Unintended Consequences Are Increasing World Demand for Gold

With the financial experts claiming, some gleefully, that gold has "lost its safe haven status" in the aftermath of its biggest tumble in 30 years, many commentators  thought (hoped?) that the dramatic price drop would steer people away from gold ownership. To my eyes, the past week has all the earmarks of a high-gloss propaganda campaign complete with well-placed anti-gold stories in the media and the careful use of language aimed at sowing doubt about gold's ability to be a store of wealth.

But for those who consider gold a store of value, the recent gold slam is a gift: an invitation to purchase more sound money with fewer units of paper currency. In other words, a sweet deal.  Gold and silver on sale and the world is taking advantage.

I predicted this last Friday, when I wrote, "[k]nowing the lower prices will only exacerbate this West-to-East flow [of gold], I therefore thought that the bullion banks and central banks would not have dared push that dynamic any further."

Well, by all accounts, the flow of gold from West to East is now accelerating.

Gold Rout Heralds ‘Hot’ Indian Wedding Jewelry Season

Apr 16, 2013

Bullion tumbled 9.1 percent yesterday, the biggest loss since 1983, and that may make the precious metal more affordable to Indians, said Mehul Choksi, chief executive officer of Gitanjali, the nation’s biggest retailer of jewelry and diamonds by sales. The plunge has already revived interest among retail buyers, said Rajesh Mehta, chairman of Rajesh Exports Ltd.

“The season is very hot for buying” with weddings and other auspicious dates coming up, Choksi said. “The decline will be positive for jewelry as there will be a pick-up in demand because affordability will increase.
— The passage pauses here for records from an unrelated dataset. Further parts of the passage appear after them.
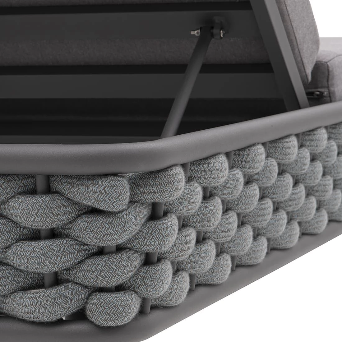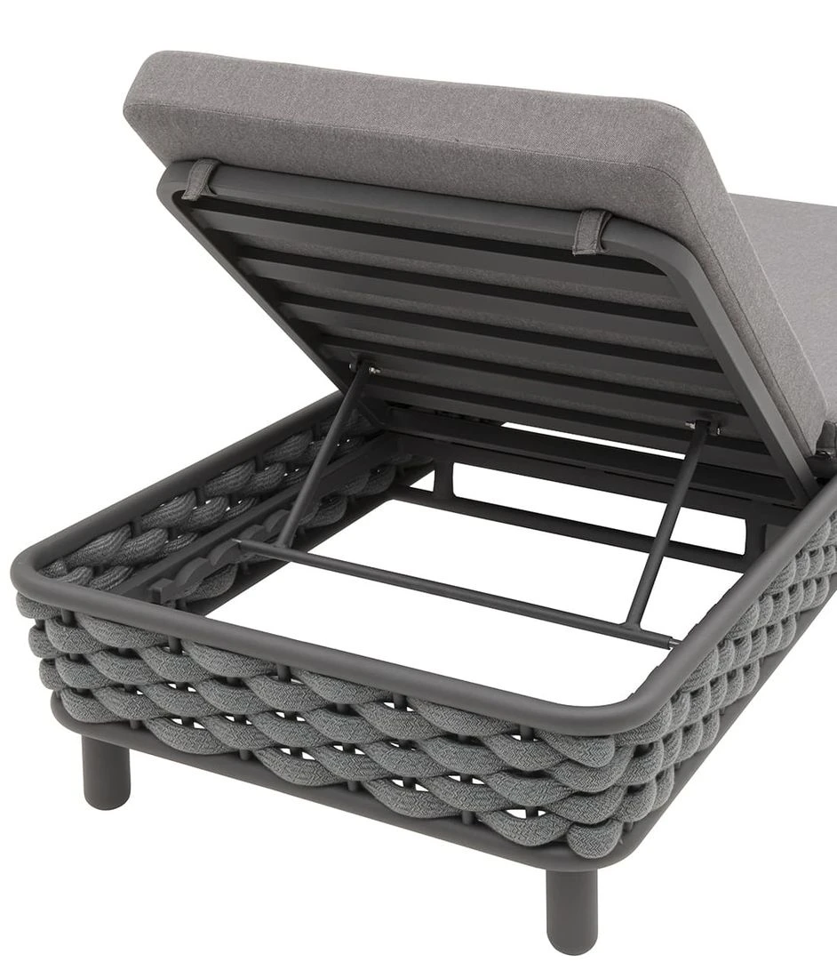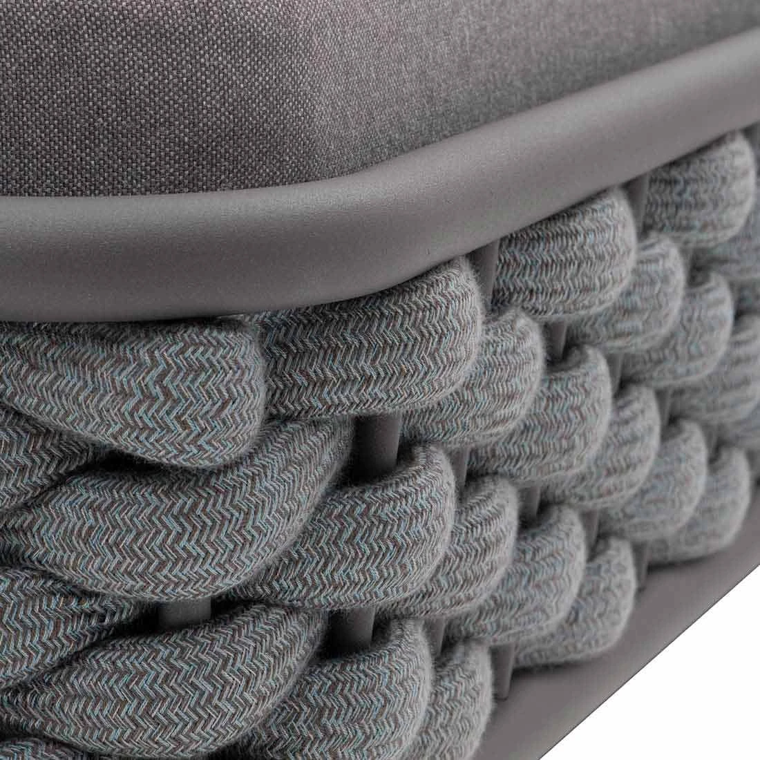 Für die Herstellung des Gestells wird hochwertiges und wetterfestes Aluminium verwendet. Das Gestell ist mit Rope umflochten und bringt somit modernen Flair auf Ihre Terrasse.
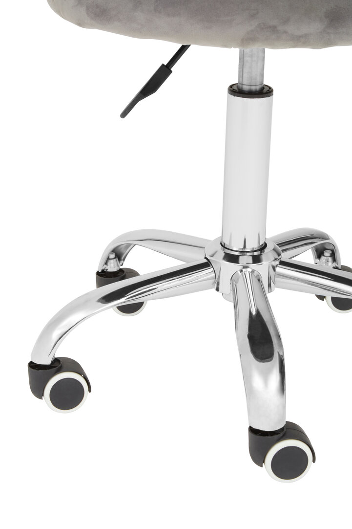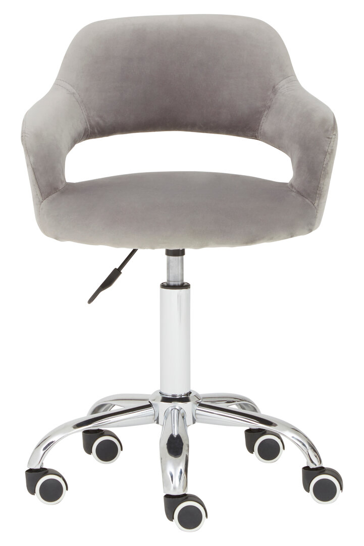The Renin Desk Chair with Curved Back combines grey velvet upholstery, a chrome swivel base & ergonomic comfort. Modern, adjustable & ideal for home offices
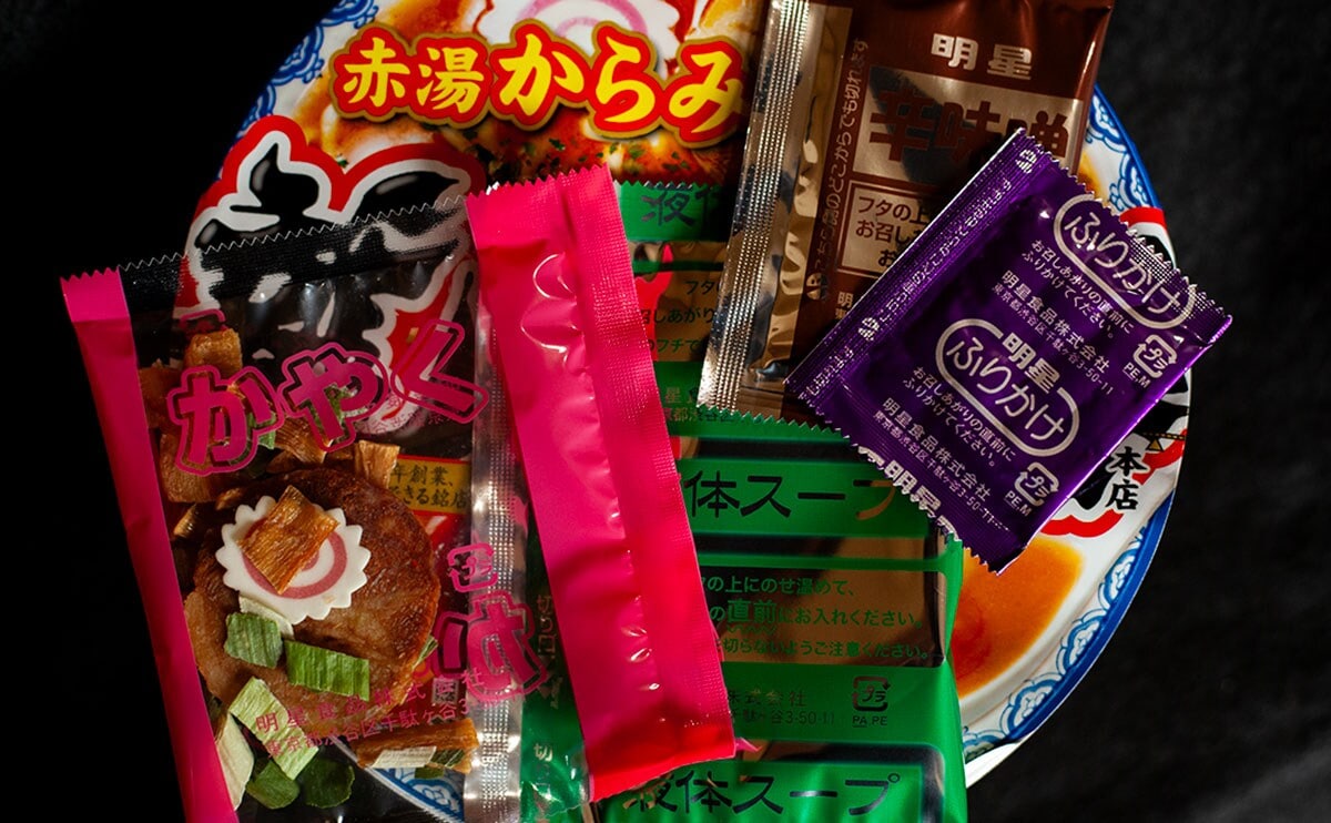 フタを開けると、4つの小袋が出てきました。先入れは「かやく」のみで、残りの液体スープ、辛味噌、ふりかけの3つは後入れです。

Volumes will increase.”

“We rushed to buy as soon as we saw prices fall so much and decided to buy jewelry early for our daughter’s wedding in January,” said Blossom D’souza, while browsing through a selection of bangles in a jewelry store in Mumbai’s Chira Bazaar area. “Now we can buy more gold within our budget.”
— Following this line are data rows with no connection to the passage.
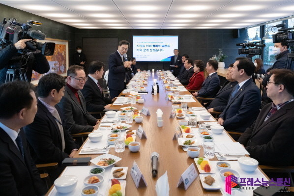 김동연 지사는 3일 도담소에서 경기도의회 의장단 및 상임위원장단과 오찬 간담회를 갖고 “지난해 (도의회와) 여러 가지 난관을 뚫고 협치를 했다. 중앙정치 또는 다른 광역시도에서 하지 못한 와중에 도의회 여야와 집행부가 많은 토론과 이견을 극복하고 예산안을 통과시켰고 조직개편안도 잘 승인됐다”면서 “새해에도 경기도민 삶의 질 향상, 도민의 안전과 생명 그리고 경기도 경제의 역동성을 위해 함께 손잡았으면 좋겠다”고 말했다.
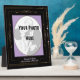 Turn a special photograph into a glossy plaque with its' own easel w/ Leslie Sigal Javorek's original faux frame designs. Arrangement of gold flourishes on black & the illusion of small amethysts gives this an Art Nouveau feel. A lilac mat & 2 Custom Text Fields complete the look. This is NOT a picture frame as your uploaded photo is permanently embedded, so be sure you like how your photo fits before ordering.
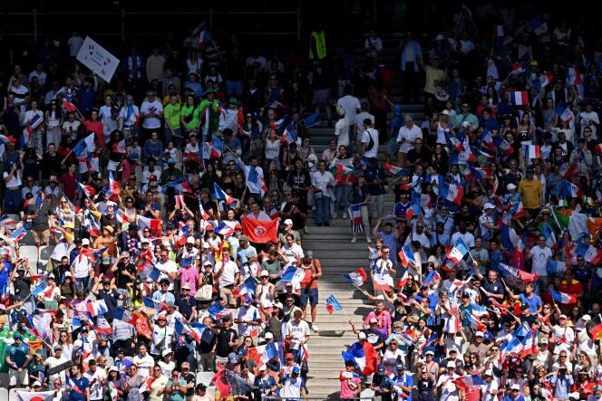 Des spectateurs assistent à l’épreuve d’athlétisme lors des Jeux olympiques de Paris 2024 au Stade de France à Saint-Denis (Seine-Saint-Denis),le 7 août 2024. ANTONIN THUILLIER / AFP Les Jeux olympiques et paralympiques (JOP) de Paris 2024 devaient être « populaires » et associer à la fête les habitants de la Seine-Saint-Denis,territoire hôte où se déroulent une partie des épreuves. Pour cela,un total de 180 000 places – 150 000 pour les épreuves et 30 000 pour la cérémonie d’ouverture – gratuites avait été prévu. « Cela représente un habitant sur dix »,évalue Stéphane Troussel,le président (Parti socialiste) du département,qui compte 1,6 million d’habitants.
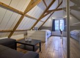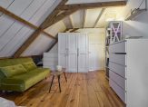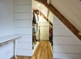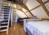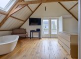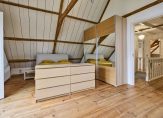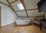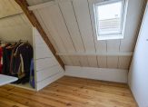 Op de eerste verdieping zijn drie slaapkamers te vinden, waarvan één echte eyecatcher: een slaapkamer met ligbad en openslaande deuren naar een Frans balkon. Verder is er een ruime badkamer met dakkapel, voorzien van vloerverwarming, een wastafelmeubel met dubbele wastafel, toilet en inloopdouche. Ook vind je hier nog een aparte kamer met inloopkast. De zolder is bereikbaar via een vaste trap in één van de overige slaapkamers en biedt extra bergruimte.

Doh! Unintended consequences are piling up already, as people in India gleefully accumulate more gold at lower prices. 

And this, regarding Australia:

The Perth Mint reports that retail customers are increasing purchases at a record rate even as gold slumps to a 21 month low.  As the experts were proclaiming the "Death of Gold", the Perth Mint website recorded the highest activity of the year and one of the best days of the past year. 

Bargain prices on gold and silver have greatly increased the demand for physical gold and silver by the public.  Demand for gold coins have [sic] skyrocketed with sales of Australian gold bullion coins increasing by 48% in the first quarter over the comparable prior year period.
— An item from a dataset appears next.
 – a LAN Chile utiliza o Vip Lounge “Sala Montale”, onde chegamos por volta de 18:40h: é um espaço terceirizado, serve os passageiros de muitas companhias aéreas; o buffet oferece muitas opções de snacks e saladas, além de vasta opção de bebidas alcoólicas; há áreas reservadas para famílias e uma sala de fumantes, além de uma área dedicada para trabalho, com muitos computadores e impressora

A couple of mainstream media reports linked the gold slam to increased selling by Japanese investors, those ideas turned out to be either speculative, premature, or both:

As global price slumps, "Abenomics" risks drive Japan gold bugs

Apr 16, 2013

(Reuters) - When he woke up to news of a collapse in gold prices, Yujiro Yamashita, 63, made his way to Tokyo's posh Ginza district to buy the precious metal for the first time in 20 years.

Yamashita and other contrarian, individual Japanese investors understand that gold is a volatile investment, but say that buying the precious metal is better than the alternatives.

A week ago, as the yen-denominated price neared a new peak, jewelry stores and gold merchants across Japan saw long lines of mostly older Japanese looking to cash in on unwanted jewelry and other items that they had held for years.

But on Tuesday, buyers outnumbered sellers by a wide margin. At Ginza Tanaka, the headquarters shop of Tanaka Holdings, gold buyers waited for as long as three hours for a chance to complete a transaction.

Nearby at Ginza SGC, a gold merchant, buyers had taken about 6 kg (13 lbs) of gold home by early afternoon on Tuesday. In one case, a 60-year-old man, who asked not to be identified, walked out of the store with 500 grams of gold for about 2.2 million yen ($22,500).

Meanwhile, the Chinese and Thai, too, are rushing to buy gold as a consequence of the new, lower gold prices, with high sales volumes and shortages being widely reported.

So this is a fairly large story that can be summarized in basic Econ 101 terms: Supply, demand, and prices are all interrelated.  Drop prices and demand increases, which then lowers supply.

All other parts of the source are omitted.